Bernstein had several sources in the Bell system [the landline telephone monopoly]. He was always reluctant to use them to get information about calls because of the ethical questions involved in breaching the confidentiality of a person’s telephone records. It was a problem he had never resolved in his mind. Why, as a reporter, was he entitled to have access to personal and financial records when such disclosure would outrage him if he were subjected to a similar inquiry by investigators?

Without dwelling on his problem, Bernstein called a telephone company source and asked for a list of [Watergate burglar Bernard] Barker’s calls. That afternoon, his contact called back and confirmed that the calls listed in the [New York] Times had been made. But, he added, he could not get a fuller listing because Barker’s phone records had been subpoenaed by the Miami district attorney.

As far as we know, Bernstein was never investigated, much less prosecuted, for this. To be sure, there’s a strong argument that the ends justified the means in the Post case but not the Globe case. Certainly a political scandal that ended up implicating the president is a matter of much greater public importance than a sensational murder case. But it does not follow that the “mainstream press” is entitled to greater constitutional liberty than tabloids are.

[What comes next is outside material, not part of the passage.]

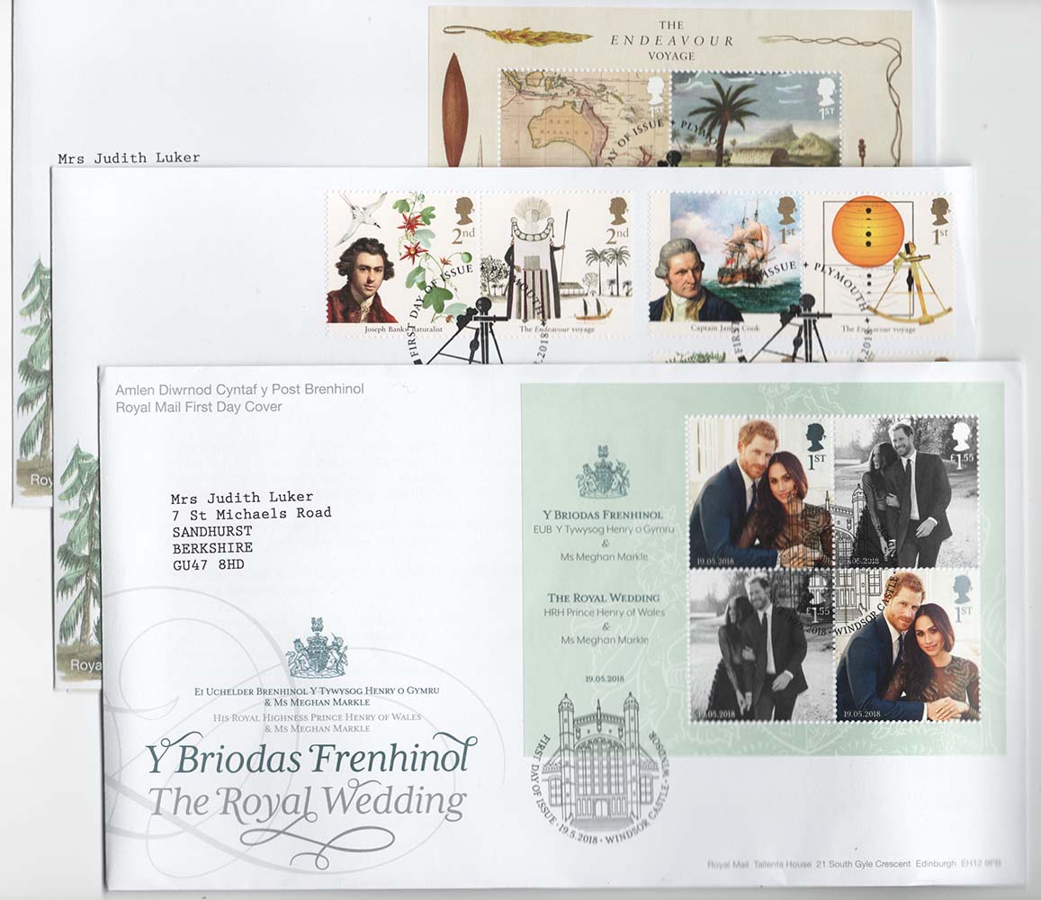 GB 2018 Royal Wedding m/sheet, Capt Cook set & m/sheet FDCs [3] [ref 287bb1643/s/9y0632]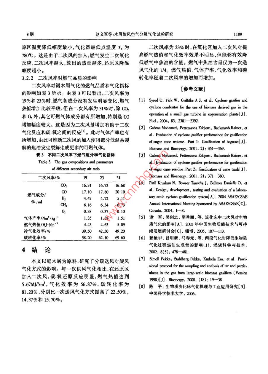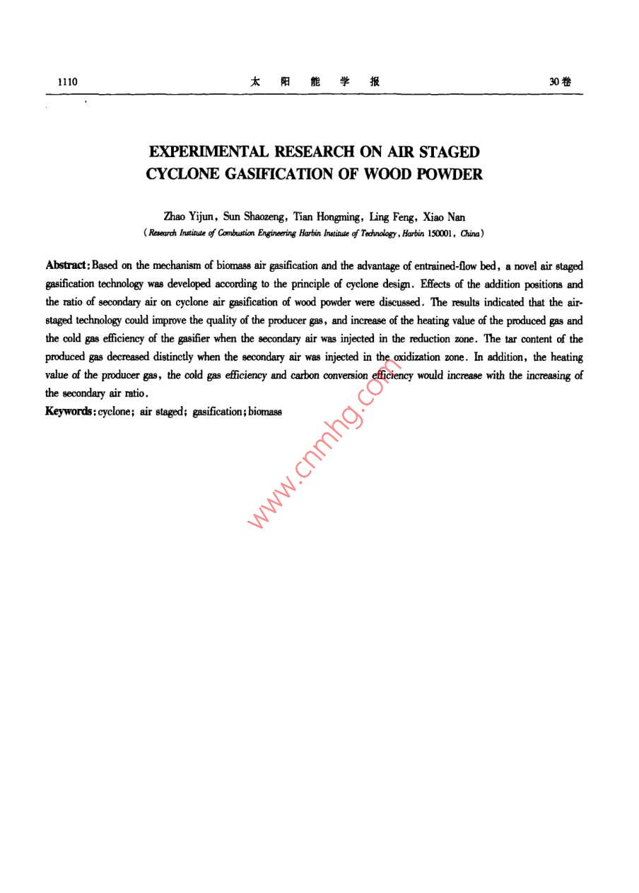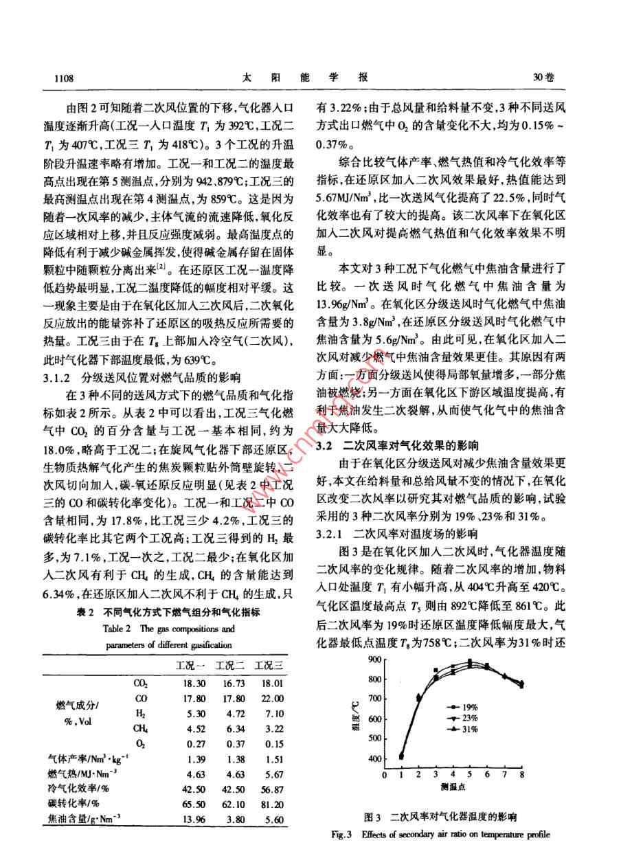 第30卷第8期太陽能學(xué)報Vol.30, No.82009年8月ACTA ENERGLAE SOLARIS SINICAAug.,2009文章編號: 02540096(2009)08-1106-05木屑旋風(fēng)空氣分級氣化試驗研究趙義軍,孫紹增,田洪明,凌峰,肖難(哈爾濱工業(yè)大學(xué)燃燒工程研究所,哈爾濱10001)摘要:基于生物質(zhì)空氣氣化機理,結(jié)合氣流床氣化工藝的優(yōu)點,參考旋風(fēng)分離器的設(shè)計原理,提出了生物質(zhì)旋風(fēng)空氣分級氣化工藝。對不同的位置加人二次風(fēng)和改變二次風(fēng)率進行了試驗研究。研究結(jié)果表明,分級氣化能夠改善燃氣品質(zhì)。在還原區(qū)加入二次風(fēng)有利于提高燃氣熱值和氣化效率,在氧化區(qū)加入二次風(fēng)有利于減少燃氣中焦油的含量。燃氣熱值、氣體產(chǎn)率氣化效率和碳轉(zhuǎn)化率隨著二次風(fēng)率的增加而增加。關(guān)鍵詞:旋風(fēng);分級;氣化;生物質(zhì)中圖分類號: TQ038.1文獻標(biāo)識碼: A通過一一個錐體連接,如圖1所示。進料口布置在氣0引言化器的上部,生物質(zhì)燃料顆粒由氣流攜帶通過進料生物質(zhì)氣化是生物質(zhì)利用的一種很有前途的方口切向進 人氣化器,經(jīng)過干燥和熱解,生物質(zhì)內(nèi)部結(jié)式。氣化器是生物質(zhì)氣化工藝中最核心的設(shè)備,目構(gòu)在吸熱的不可逆 條件下發(fā)生熱分解反應(yīng),析出揮前國內(nèi)生物質(zhì)氣化器的形式以固定床和流化床為發(fā)份。熱解過程在氧化性氣氛中完成,熱解反應(yīng)的主。生物質(zhì)旋風(fēng)氣化器是氣流床氣化方式的一種。同時伴隨著揮發(fā)份的燃燒反應(yīng),這樣在固體顆粒周英國卡迪夫大學(xué)、瑞典呂勒奧大學(xué)、美國俄克拉何馬圍形 成揮發(fā)份燃燒火焰的包圍狀態(tài),部分氧氣滲透州立大學(xué)等在生物質(zhì)旋風(fēng)氣化方面做了大量科學(xué)研到固體顆粒表面與固定碳反應(yīng)。氧化反應(yīng)放出熱究。研究表明生物質(zhì)旋風(fēng)氣化,能通過組織氣固兩量,為物料的熱解、干燥和還原區(qū)的吸熱反應(yīng)提供必相旋流空氣動力場完成生物質(zhì)氣化過程,同時能有要的熱量。同時在高溫環(huán)境下,熱解氣中的焦油會效降低燃氣中堿金屬含量,防止氣化器內(nèi)結(jié)渣1-4)。發(fā)生二次裂解。進入還原區(qū)后,生成的CO2與固定分級送風(fēng)氣化方式是改善氣化效果,提高燃氣品質(zhì)的重要手段。中科院廣州能源研究所和山東大煙氣出口學(xué)分別對流化床氣化器和固定床氣化器采用了分級送風(fēng)方式,試驗結(jié)果表明可燃氣中焦油含量明顯降接觸器低,燃氣熱值顯著提高[s.6。←二次風(fēng)(1)本文基于生物質(zhì)空氣氣化機理,結(jié)合氣流床氣一二次風(fēng)(2)化工藝的優(yōu)點,參考旋風(fēng)分離器的設(shè)計原理,提出了生物質(zhì)旋風(fēng)空氣分級氣化工藝,得到了該新型氣化器分級送風(fēng)氣化的規(guī)律,為今后進- -步的研究提供i灰了重要的理論依據(jù)。溫控儀溫度巡檢儀1旋風(fēng)空氣氣化原理 ,圖1旋風(fēng)空氣分級氣化器實驗 系統(tǒng)圖旋風(fēng)氣化器的主體部分包括外旋風(fēng)簡和內(nèi)旋風(fēng)Fig.1 The schemaic diagram of the cyclone air staged gasifer筒(也稱為中心管、上升管)。外旋風(fēng)簡和灰斗之間收稿日期: 208-01-24基金項目:黑龍江省自然科學(xué)基金(1307396)通訊作者:孫紹增(1963- -),男,博士生導(dǎo)師,主要從事煤粉燃燒和生物質(zhì)能利用方面的研究。umsxhi.edu.o8期趙義軍等:木屑旋風(fēng)空氣分級氣化試驗研究1107碳接觸發(fā)生反應(yīng)生成Co,同時伴隨著水蒸氣與Co、斗則。CO2反應(yīng)生成CH,焦油發(fā)生進-一步裂解、重整等反2試驗應(yīng),形成含有大量CO、CH、H、C, H.等可燃成分和CO2、N2等不可燃成分組成的混合燃氣。2.1原料在完成氣化反應(yīng)的同時,,氣化燃氣與飛灰自動試驗原料為鋸木屑,取自哈爾濱興隆鎮(zhèn)林場,表分離,氣體經(jīng)過內(nèi)旋風(fēng)簡排出,飛灰顆粒落入灰1給出了鋸木屑的元素分析和工業(yè)分析數(shù)據(jù)。表1鋸木屬的工業(yè)分析和元素分析Table I Utimate and proximate analysis of wood powder工業(yè)分析/%元素分析/%低位熱值/MJ+kg"'FCMAa[C] [H][o]a[N]。[S]。15.09 !75.46 .13.809.20.1.5443.016.4239.64 .0.170.022.2系統(tǒng)點和第5測溫點之間以及第7測溫點和第8測溫點試驗系統(tǒng)(如圖1)主要由主體氣化器、供風(fēng)系之間加入二次風(fēng),具體位置如圖1所示。通過二次統(tǒng)、給料系統(tǒng)預(yù)熱及溫控系統(tǒng)和取樣系統(tǒng)5部分組風(fēng)送人位置以及二次風(fēng)率的變化研究二次風(fēng)對氣化成。主體氣化器采用耐高溫的不銹鋼材料加工而器溫度場和燃氣品質(zhì)的影響。成,外旋風(fēng)簡內(nèi)徑200mm,高1300mm。試驗所需的3.1分級送風(fēng)位 對氣化效果的影響空氣由空氣壓縮機提供,為保證空氣氣流的穩(wěn)定性,試驗工況選取給料速率為l5kg/h, 總給風(fēng)量為壓縮空氣在進入氣化器之前先經(jīng)儲氣罐穩(wěn)壓。物料13m'/h,空氣當(dāng)量比為0.24,送人的二次風(fēng)率為23%。顆粒由調(diào)速螺旋給料機送入物料混合器,與空氣混分別比較- -次送風(fēng)氣化在第4.5測溫點之間加入二合進入氣化器,給料量由調(diào)速電機控制。在尾部煙次風(fēng)氣化在第7.8測溫點之間加入二次風(fēng)氣化這3道布置引風(fēng)機,通過調(dià

What’s more, supermarket tabloids have been known to break important political stories that the mainstream press shied away from–and in this regard, the Los Angeles Times has an especially embarrassing record. In 2008 Kaus published an email from Tony Pierce, an editor at the L.A. Times, to the paper’s online contributors (quoting verbatim):

Hey bloggers,

There has been a little buzz surrounding John Edwards and his alleged affair. Because the only source has been the National Enquirer we have decided not to cover the rumors or salacious speculations. So I am asking you all not to blog about this topic until further notified.

If you have any questions or are ever in need of story ideas that would best fit your blog, please don’t hesitate to ask

Keep rockin,

Tony

As Kaus quipped: “That will certainly calm paranoia about the Mainstream Media (MSM) suppressing the Edwards scandal.” Two weeks later, Edwards partially confessed, and Times columnist Tim Rutten weighed in:

When John Edwards admitted Friday that he lied about his affair with filmmaker Rielle Hunter, a former employee of his campaign, he may have ended his public life but he certainly ratified an end to the era in which traditional media set the agenda for national political journalism.

Rutten acknowledged that “too many newsrooms, including that of The Times,” were derelict in ignoring the Edwards story. But his column reflected a telling defeatism. By proclaiming the “end to the era” of traditional media, he seemed to be suggesting that those media, including his own paper, were incapable of applying any lessons from the experience of being shown up by the Enquirer–that they were too hidebound to do anything other than keep rockin.

And then there was the moment last year when the L.A. Times smeared the first black candidate for governor of California as “the Black face of white supremacy. You’ve been warned,” compared him to David Duke and the Klan— and downplayed the physical attack that he received.